Many states and localities require teachers, cafeteria workers, and even volunteer sports coaches to be fingerprinted before working with children.
But such a policy for people — largely illegal immigrants — seeking custody of unaccompanied minors in the U.S. is currently a matter of debate among federal agencies, according to Reuters.
In recent years the U.S.-Mexico border has experienced a surge in unaccompanied minors, largely from Central America, entering the country illegally. Once in the U.S. the Obama administration has been placing the tens of thousands of illegal immigrant children with relatives and sponsors in the U.S., ostensibly to await immigration proceedings.

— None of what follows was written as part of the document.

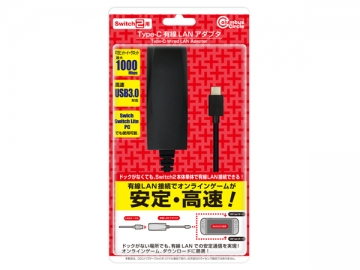 本製品「(Switch2用)Type-C 有線LANアダプタ」は、Switch2本体の「Type-Cポート」に接続することにより、安定通信である「有線LAN」が使用可能になるアダプタです。

Reuters reports that the Department of Health and Human Services — the agency which places unaccompanied minors with relatives and sponsors in the U.S. — is pushing back against a proposal to fingerprint parents who claim custody of the migrant children, saying it could cause delays in family reunification.
“One of our goals is to place children with an appropriate sponsor as promptly as we can safely do so,” Bobbie Gregg, deputy director for children’s services at HHS’s Office of Refugee Resettlement, told Reuters. “And so any delay for placing the child with their parent is time that we’re keeping a parent and child separated.”
Such a measure, activists argue according to Reuters, would also cause many parents to avoid the process, as many are themselves illegal immigrants. A recent Associated Press report indicated that HHS has placed 80 percent of the unaccompanied minors in the care of other illegal immigrants.
While HHS claims the fingerprinting proposal would cause delays, Immigration and Customs Enforcement officials, who have called for such a process, argue fingerprinting will ensure that the parent is actually who they say they are and ensure that the minors are not placed with people who have criminal histories.
In January an AP investigation revealed that HHS had cut corners in placement procedures and placed unaccompanied minors in in homes where they were allegedly sexually assaulted, labor trafficked and neglected.
The AP’s news came on the heels of a whistleblower report, made public by Senate Judiciary Committee Chairman Chuck Grassley, that out of a sample of 29,000 sponsors with whom HHS placed unaccompanied minors 3,400 had criminal histories of homicide, child molestation, human trafficking and sexual assault.